Test-time scaling of diffusions with flow maps

The Big Picture

Imagine navigating by dead reckoning in fog. You know your speed and heading at every moment, but can’t see where you’ll land. Now imagine consulting a map that tells you directly: “From this position, sailing these currents, you’ll arrive here.” That’s the shift this paper makes in how AI image generators can be steered toward exactly what you want.

Diffusion models, the engines behind tools like Stable Diffusion and DALL-E, generate images by gradually denoising random static into structured pictures. Researchers have long wanted to steer this process at inference time, nudging the model toward images that score well on some goal: “make the clock read 3:47” or “match this text description.” The standard approach calculates, at each generation step, the mathematical direction that would most improve the image’s score. Think of it as adding a current to push a ship toward port. But there’s a catch.

Scoring functions work only on clean, finished images, not on the blurry, half-formed noise mid-generation. The standard workaround is a denoiser, a neural network that predicts what the final image will look like from any intermediate state. It’s a rough approximation, and it fails badly at the early, most critical stages of generation. The fix proposed here: skip the approximation entirely and work with a flow map, a mathematical object that does what the denoiser tries to do, only provably better. The result is Flow Map Trajectory Tilting (FMTT), an algorithm that reliably generates images matching precise specifications where current methods fall short.

Key Insight: Replacing the standard one-step denoiser with a learned flow map that directly predicts where a trajectory will land gives FMTT provably superior reward ascent during image generation, with no retraining of the underlying model.

How It Works

The framework builds on two complementary descriptions of how noise becomes an image. The velocity field gives the instantaneous drift at each moment. The flow map encodes the full solution: given a particle’s position at time t, where does it end up at time T? The two are related by a fundamental identity that the researchers exploit.

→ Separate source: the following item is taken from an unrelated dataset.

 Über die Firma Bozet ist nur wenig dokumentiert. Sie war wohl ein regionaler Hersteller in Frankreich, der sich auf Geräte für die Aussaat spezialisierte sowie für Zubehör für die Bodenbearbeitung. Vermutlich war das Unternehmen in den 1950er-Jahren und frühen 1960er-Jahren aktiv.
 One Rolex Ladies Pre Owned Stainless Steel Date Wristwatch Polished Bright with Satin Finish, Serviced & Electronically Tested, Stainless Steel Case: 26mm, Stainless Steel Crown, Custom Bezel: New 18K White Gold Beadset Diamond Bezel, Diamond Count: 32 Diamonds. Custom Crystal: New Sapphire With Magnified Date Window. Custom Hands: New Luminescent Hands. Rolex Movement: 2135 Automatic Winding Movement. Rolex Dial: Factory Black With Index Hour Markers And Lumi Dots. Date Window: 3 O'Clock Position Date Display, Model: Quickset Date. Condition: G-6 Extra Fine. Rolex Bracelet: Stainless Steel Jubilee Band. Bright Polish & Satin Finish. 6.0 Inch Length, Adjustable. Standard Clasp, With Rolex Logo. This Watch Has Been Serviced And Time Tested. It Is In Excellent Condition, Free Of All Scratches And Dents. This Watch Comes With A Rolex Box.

Figure 2 makes the advantage concrete. At early noise levels, the one-step denoiser produces blurry, nearly useless predictions of the final image. A one-step flow map already does better. Four steps yield strikingly clear predictions even from heavily corrupted inputs. This matters because reward guidance depends on accurate look-ahead: garbage prediction, garbage gradient.

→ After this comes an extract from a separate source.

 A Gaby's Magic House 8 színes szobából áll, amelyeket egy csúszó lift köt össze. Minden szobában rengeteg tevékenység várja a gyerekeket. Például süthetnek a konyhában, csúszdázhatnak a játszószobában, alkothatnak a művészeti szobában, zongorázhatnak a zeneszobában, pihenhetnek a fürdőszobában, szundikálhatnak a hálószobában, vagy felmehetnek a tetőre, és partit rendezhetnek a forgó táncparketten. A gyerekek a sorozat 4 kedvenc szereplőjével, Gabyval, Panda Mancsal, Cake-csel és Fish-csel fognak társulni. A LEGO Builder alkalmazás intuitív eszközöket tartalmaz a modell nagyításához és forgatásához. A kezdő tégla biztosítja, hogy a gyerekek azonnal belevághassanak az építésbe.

The FMTT algorithm works as follows:

Start with noise drawn from a base distribution and define the target as a tilted distribution, a mathematically adjusted version of the model’s normal output that favors images scoring higher on the goal.
At each generation step, query the flow map to predict where the current trajectory will terminate. This gives an accurate look-ahead at the clean image.
Apply the reward gradient with respect to this predicted terminal point. Because the flow map prediction is accurate, the gradient faithfully points toward high-reward outputs.
Account for thermodynamic length, a measure from non-equilibrium statistical mechanics of how far the guidance pushes the model from its natural behavior. Time-dependent weights compensate for the guidance signal being too weak early in generation.

The framework supports two modes: importance weighting, which adjusts how often different outputs are selected to enable exact sampling from the tilted distribution, and principled search for finding local reward maximizers. Both outperform baseline guidance methods. The importance weighting approach connects to the Jarzynski equality from statistical physics, giving the method formal guarantees about sampling correctness.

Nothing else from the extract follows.